» **Data to examine**
****************

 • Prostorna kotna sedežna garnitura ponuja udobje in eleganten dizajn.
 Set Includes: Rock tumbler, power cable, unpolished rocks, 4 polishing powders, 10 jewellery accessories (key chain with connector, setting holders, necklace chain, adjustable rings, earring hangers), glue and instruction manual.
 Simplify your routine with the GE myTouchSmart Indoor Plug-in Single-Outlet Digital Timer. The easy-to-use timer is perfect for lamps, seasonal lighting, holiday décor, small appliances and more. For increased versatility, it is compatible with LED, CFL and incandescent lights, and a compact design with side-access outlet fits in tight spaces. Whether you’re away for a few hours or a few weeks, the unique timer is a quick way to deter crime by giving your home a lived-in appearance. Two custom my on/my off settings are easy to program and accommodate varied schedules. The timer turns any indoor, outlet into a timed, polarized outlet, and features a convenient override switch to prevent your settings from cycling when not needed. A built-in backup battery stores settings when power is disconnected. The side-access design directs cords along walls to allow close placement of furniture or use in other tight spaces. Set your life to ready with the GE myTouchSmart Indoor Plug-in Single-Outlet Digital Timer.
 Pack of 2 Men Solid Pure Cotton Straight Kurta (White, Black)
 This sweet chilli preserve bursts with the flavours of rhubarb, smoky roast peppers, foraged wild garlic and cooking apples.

****************

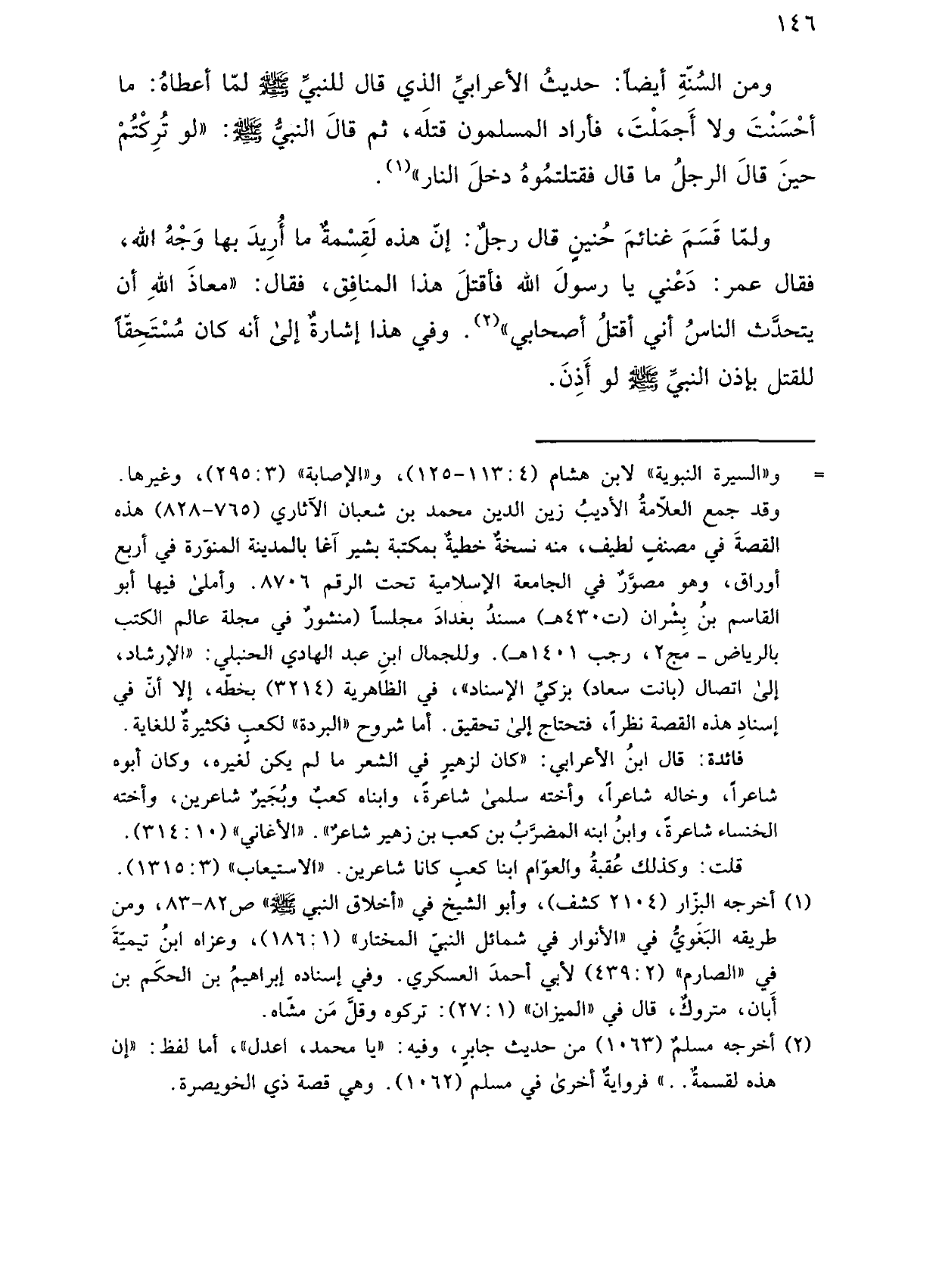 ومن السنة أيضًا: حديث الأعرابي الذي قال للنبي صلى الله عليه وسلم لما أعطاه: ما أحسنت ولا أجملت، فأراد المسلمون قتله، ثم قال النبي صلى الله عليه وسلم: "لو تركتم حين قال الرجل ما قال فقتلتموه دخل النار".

****************

» **Task to carry out**
Please return the lines above that run from the line containing "in eleganten dizajn." to the line containing "Set Includes: Rock", inclusive, exactly and with no other lines.

» **Answer to this problem**
 • Prostorna kotna sedežna garnitura ponuja udobje in eleganten dizajn.
 Set Includes: Rock tumbler, power cable, unpolished rocks, 4 polishing powders, 10 jewellery accessories (key chain with connector, setting holders, necklace chain, adjustable rings, earring hangers), glue and instruction manual.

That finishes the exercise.